§ **Stored data**:
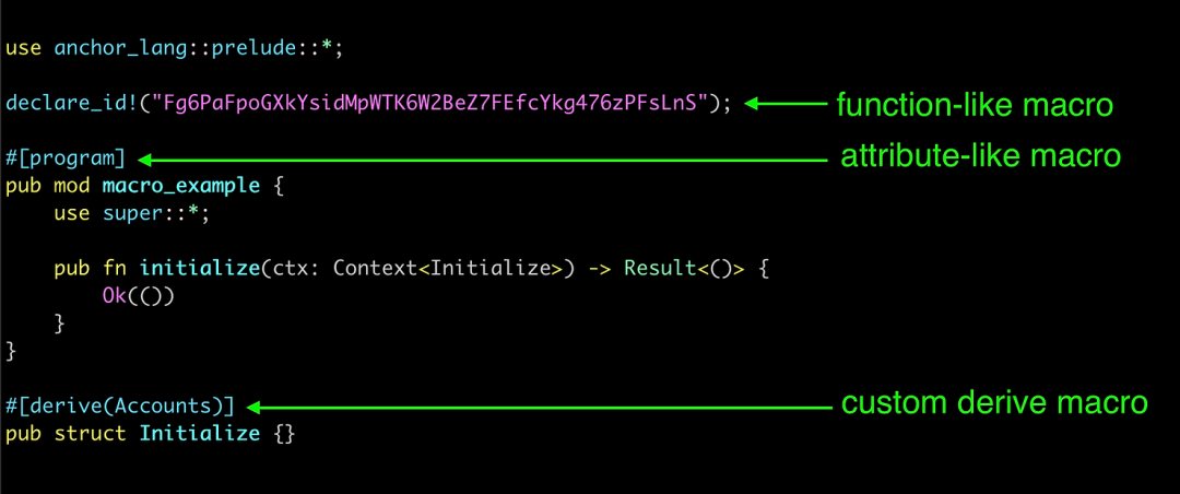 In Solana, a major feature of Programs written in Rust is the use of macros (usually accompanied by!, such as msg!, println!), including:
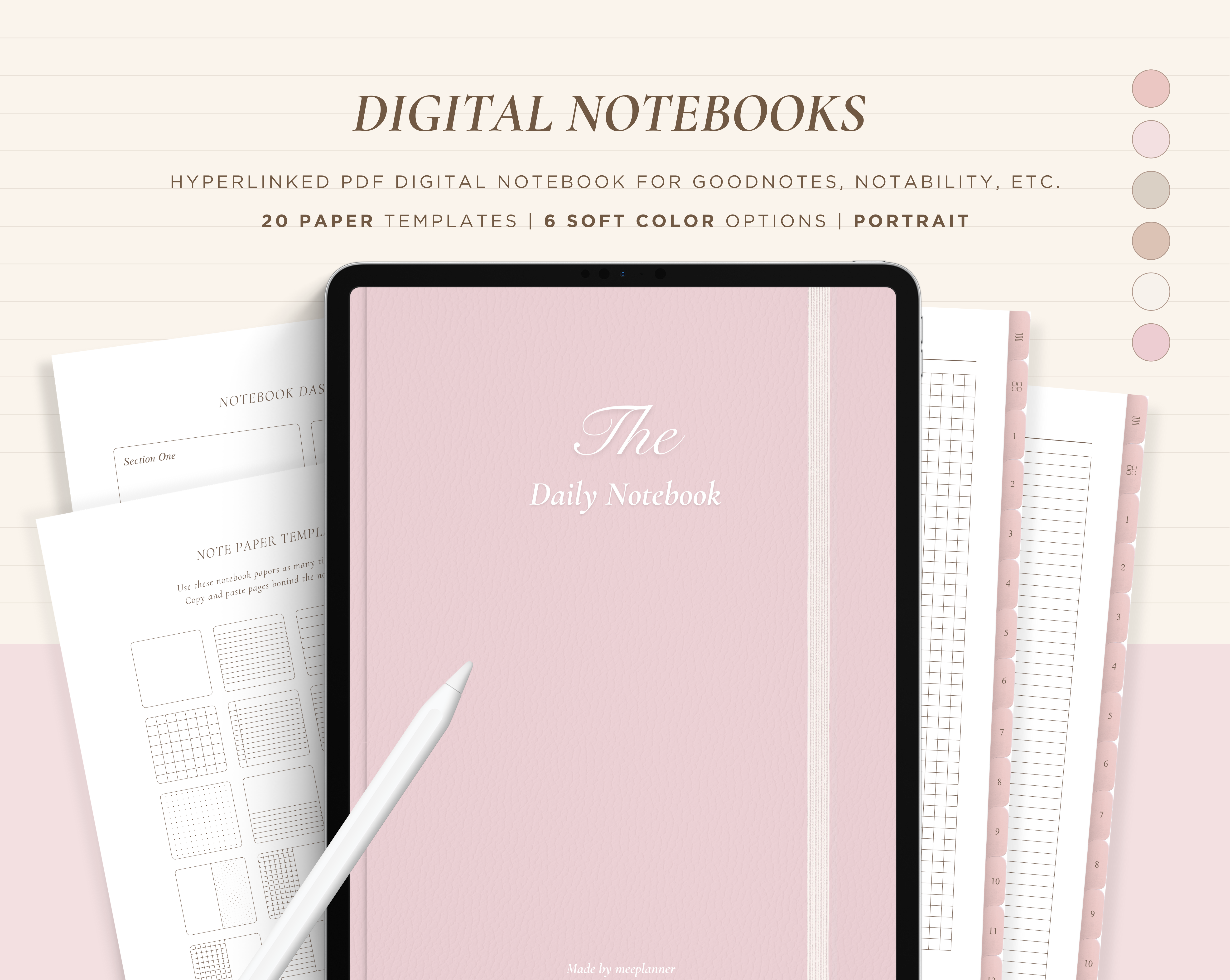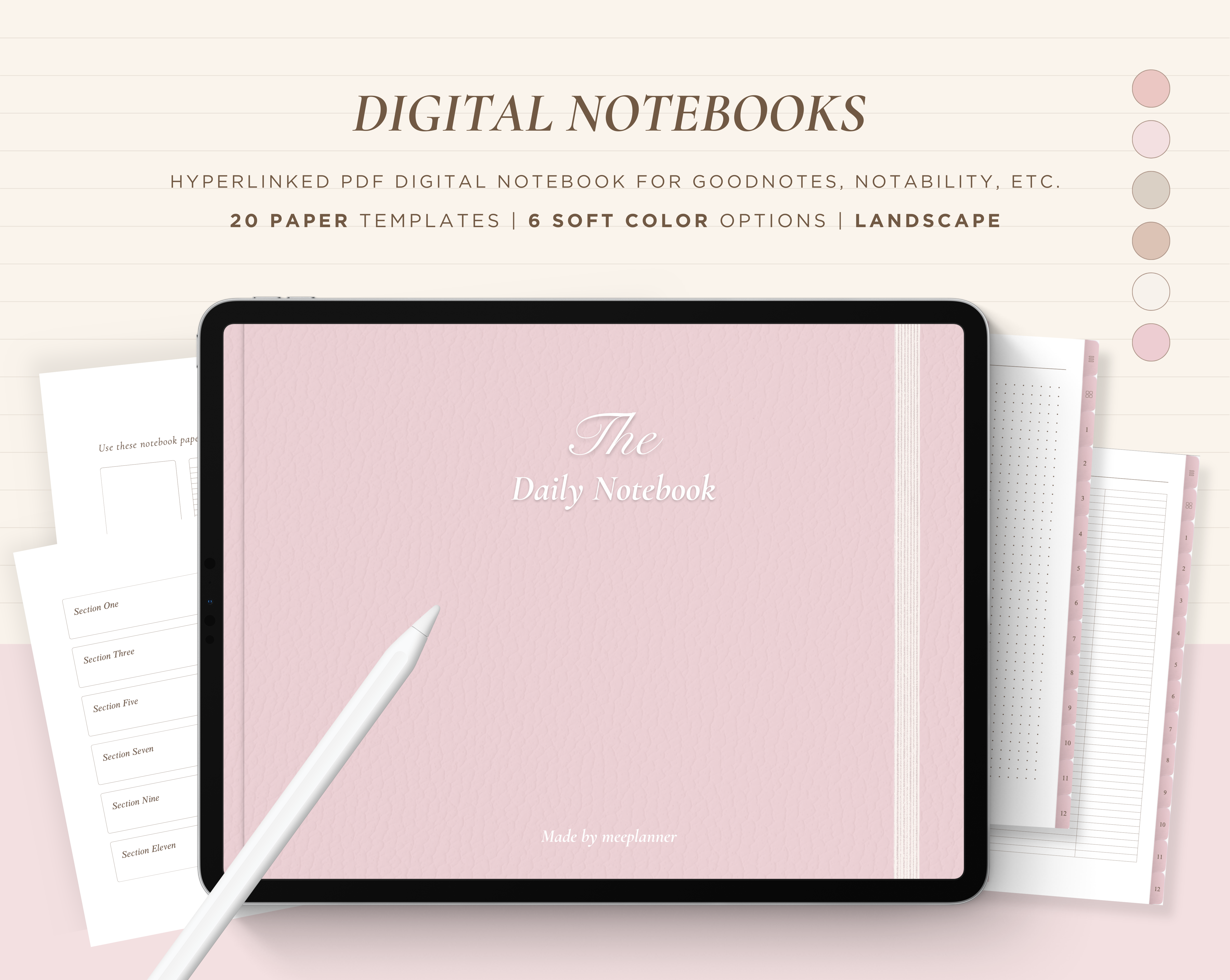 12 Subject Digital Notebooks | Bundle Landscape & Portrait | 6 Soft Colors
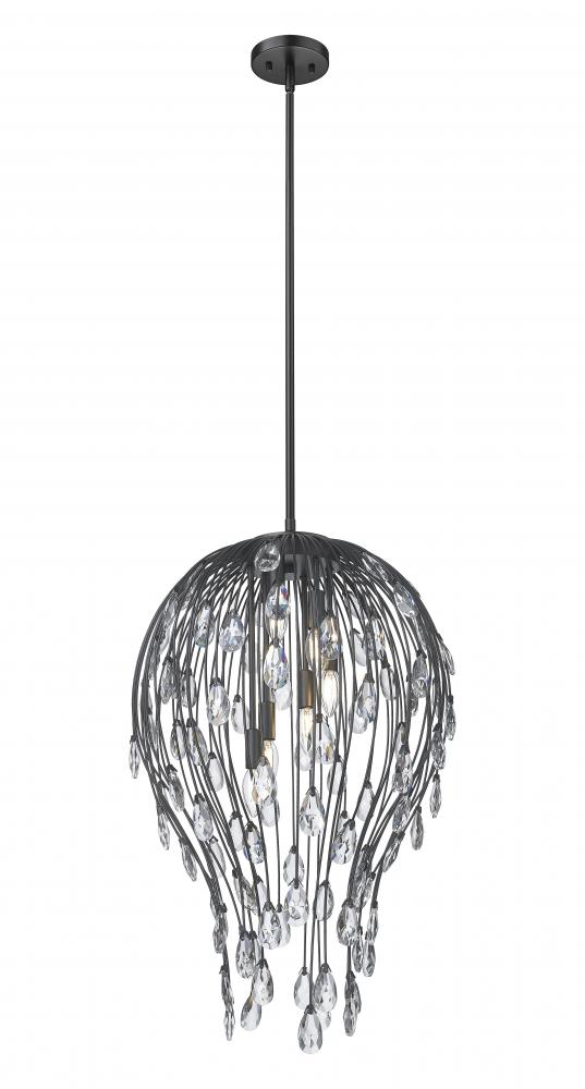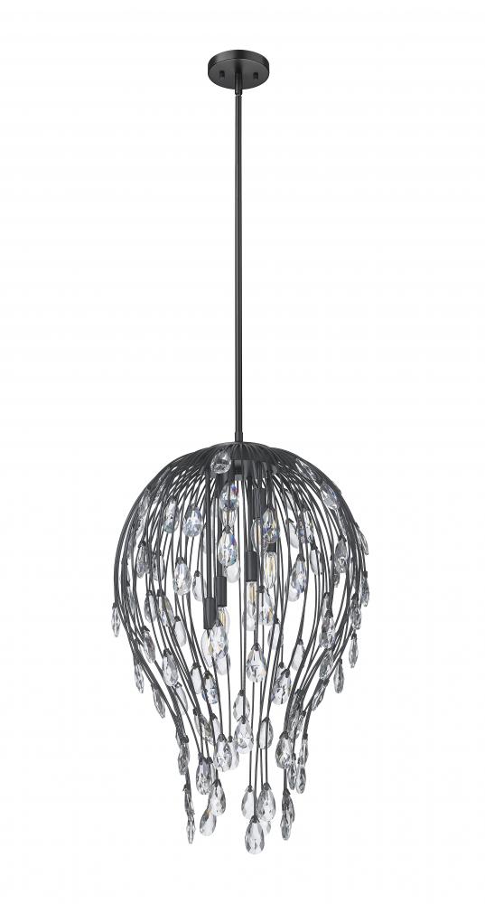 Embellish a chic room design with an artisan organic look in lighting. This six-light pendant delivers extra glam with its matte black open metalwork design contouring at its bottom, with shapely thin metal reed-like rods ending in bud icons made of radiant crystal. Chic botanicals add an earthy motif to a beautiful light fixture meant for living rooms, bedrooms, dining spaces, and entryways.
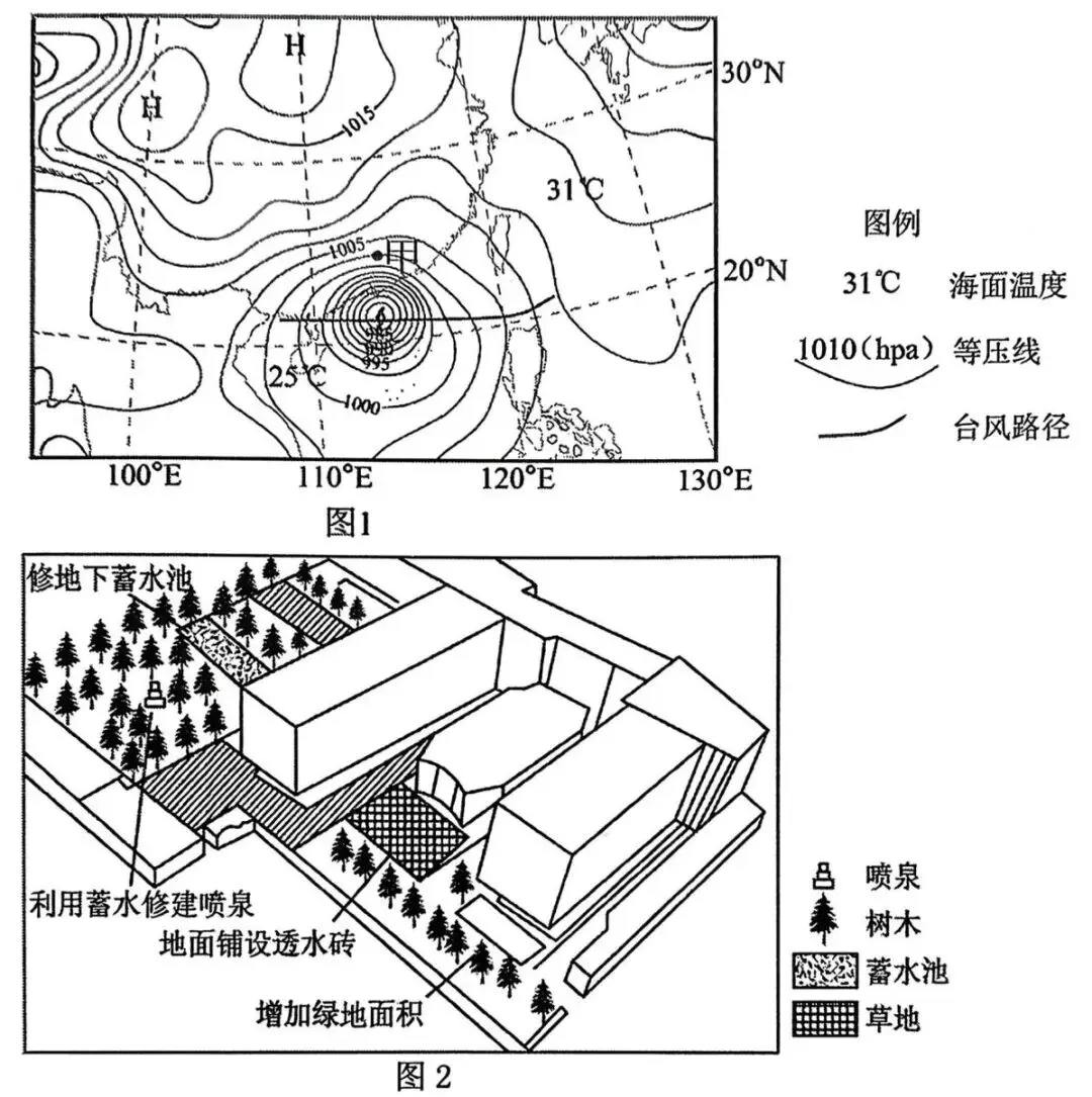 2025年9月24日17时,超强台风“桦加沙”在广东阳江市登陆。珠三角地区出现暴雨,多地出现严重内涝。图1为9月24日8时我国部分地区海平面等压线分布示意图。广东省珠海某中学原来校园路面硬化率高,校内无集中绿地,台风来临或雨季会积水严重。为了落实“海绵城市”的建设方针,该中学进行了“海绵校园”美化改造工程,如图2所示。
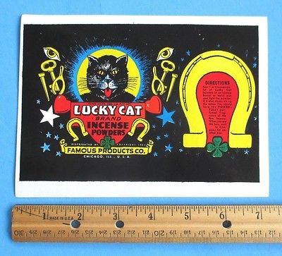 Title (ebay affiliate link): Original Vtg 1940s LUCKY CAT INCENSE POWDERS LABEL~Famous Products,Chicago,Black

§ **Problem details**: In the listing above, find the line containing "12 Subject Digital" and the line containing "Embellish a chic", then output those two lines and everything between them exactly as written, without the images.

§ **Result of the task**:
 12 Subject Digital Notebooks | Bundle Landscape & Portrait | 6 Soft Colors
 Embellish a chic room design with an artisan organic look in lighting. This six-light pendant delivers extra glam with its matte black open metalwork design contouring at its bottom, with shapely thin metal reed-like rods ending in bud icons made of radiant crystal. Chic botanicals add an earthy motif to a beautiful light fixture meant for living rooms, bedrooms, dining spaces, and entryways.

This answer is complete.